## WHAT THE TASK ASKS
Repeat the data below exactly, dropping any pictures it holds.
*** Block opens ***
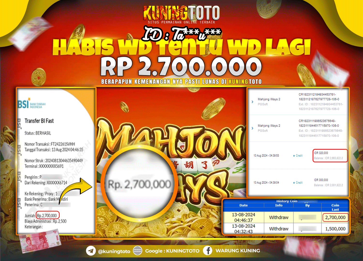 Bukti JP Slot Member KUNING TOTO 13 August 2024 Mahjong Ways Memenangkan Jackpot Permainan Slot online sangat populer di kalangan…
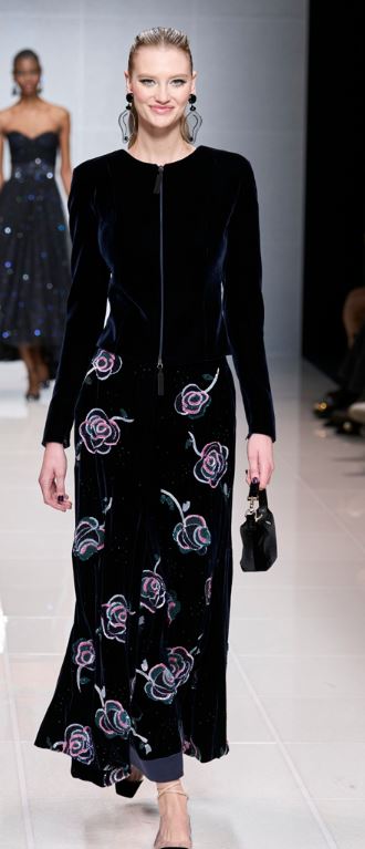ما لا شك فيه ان مازالت موضة فساتين السهرة المؤلفة من قطعتين تستحوذ على اهتمام المصممين، وهذا ما لاحظناه في تصميم الفستان المخمل المحتشم المصمم بمزيج من الأسود والأزرق الداكن Navy Blue من مجموعة جورجيو أرماني Giorgio Armani.
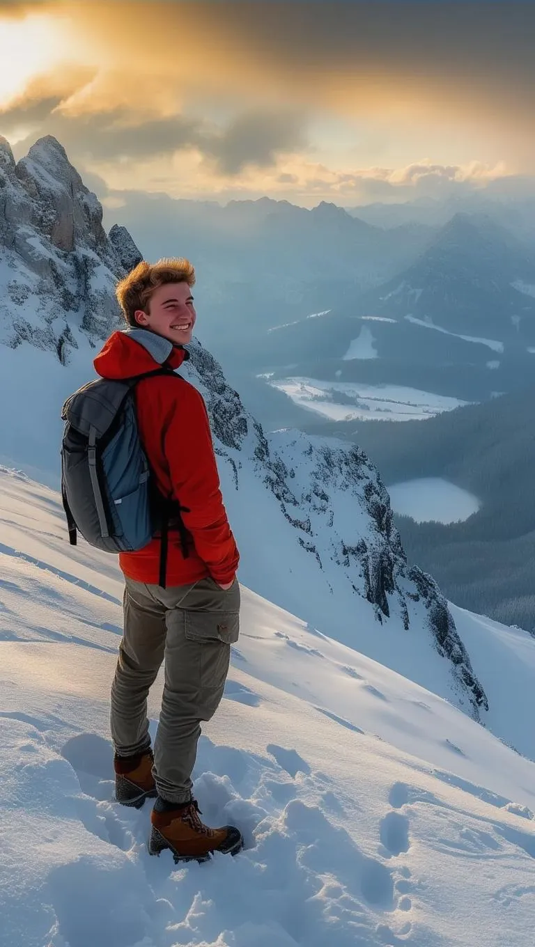 Create AI-generated visuals of a young man smiling on a snowy mountain peak with HDR effect. Experience realistic details, crisp snowscapes, and dramatic skies for professional-grade outdoor adventure scenes. Elevate your content with vivid, lifelike imagery powered by advanced AI effects.
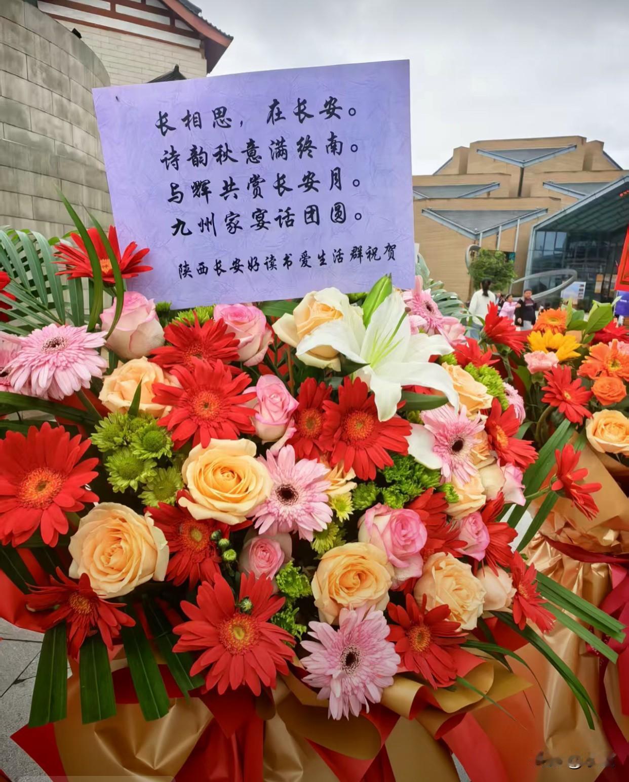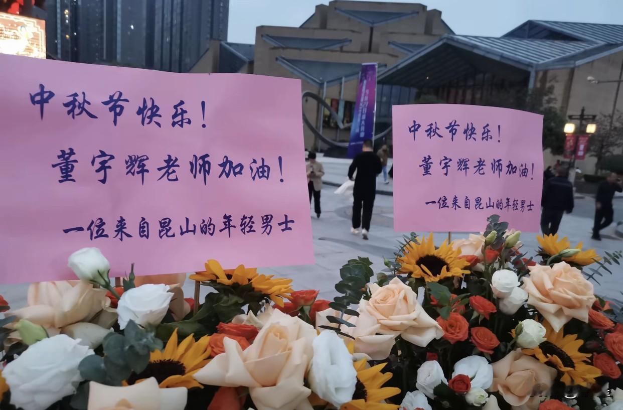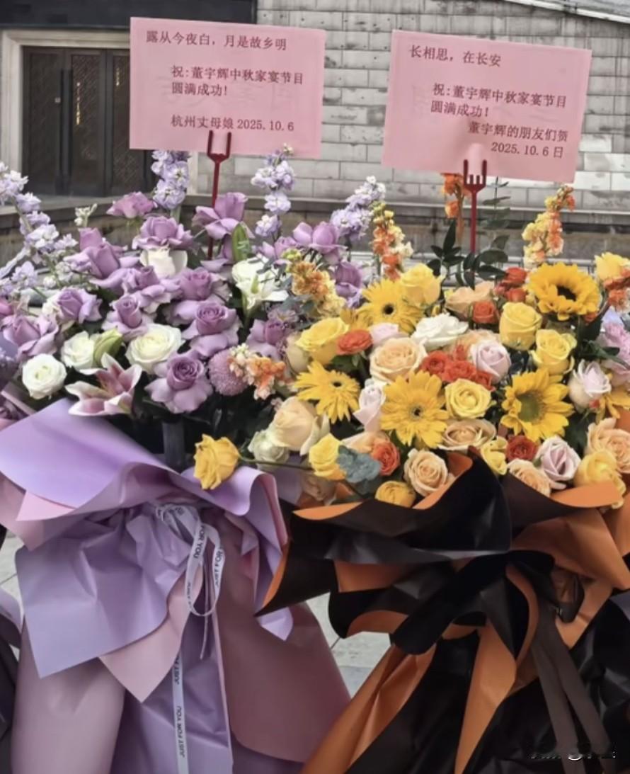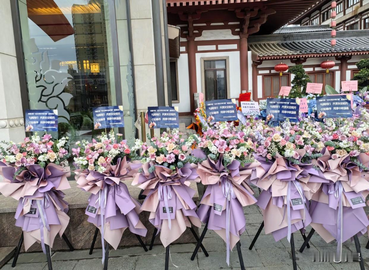 董宇辉在西安的中秋家宴外 全是爱辉区的朋友们送的花篮 演出场馆门口摆的满满当当
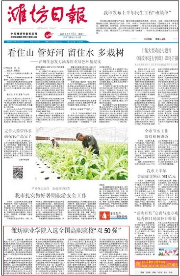 [潍坊日报]天行体育官方网站入选全国高职院校“双50强”
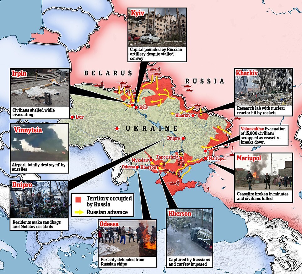 Across Ukraine, ceasefires brokered by the Red Cross were breached and humanitarian corridors were closed. The UK Government said Russia was targeting 'populated areas' to break the resistance of the Ukrainian people.
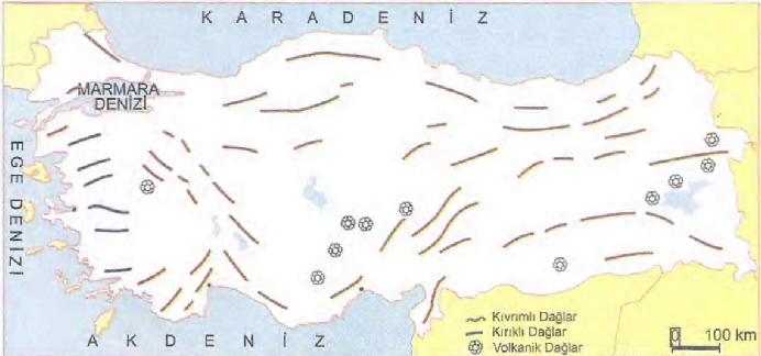 Kuzey Anadolu Dağları: Yıldız (Istranca) Dağları, Küre Dağları, Ilgaz Dağı, Köroğlu Dağları, Canik Dağları, Giresun Dağları, Kaçkar Dağı, Mescit Dağı, Yalnızçam Dağları, Kop Dağı, Ilgar Dağı
*** Block closes ***
## RESPONSE
 Bukti JP Slot Member KUNING TOTO 13 August 2024 Mahjong Ways Memenangkan Jackpot Permainan Slot online sangat populer di kalangan…
ما لا شك فيه ان مازالت موضة فساتين السهرة المؤلفة من قطعتين تستحوذ على اهتمام المصممين، وهذا ما لاحظناه في تصميم الفستان المخمل المحتشم المصمم بمزيج من الأسود والأزرق الداكن Navy Blue من مجموعة جورجيو أرماني Giorgio Armani.
 Create AI-generated visuals of a young man smiling on a snowy mountain peak with HDR effect. Experience realistic details, crisp snowscapes, and dramatic skies for professional-grade outdoor adventure scenes. Elevate your content with vivid, lifelike imagery powered by advanced AI effects.
 董宇辉在西安的中秋家宴外 全是爱辉区的朋友们送的花篮 演出场馆门口摆的满满当当
 [潍坊日报]天行体育官方网站入选全国高职院校“双50强”
 Across Ukraine, ceasefires brokered by the Red Cross were breached and humanitarian corridors were closed. The UK Government said Russia was targeting 'populated areas' to break the resistance of the Ukrainian people.
 Kuzey Anadolu Dağları: Yıldız (Istranca) Dağları, Küre Dağları, Ilgaz Dağı, Köroğlu Dağları, Canik Dağları, Giresun Dağları, Kaçkar Dağı, Mescit Dağı, Yalnızçam Dağları, Kop Dağı, Ilgar Dağı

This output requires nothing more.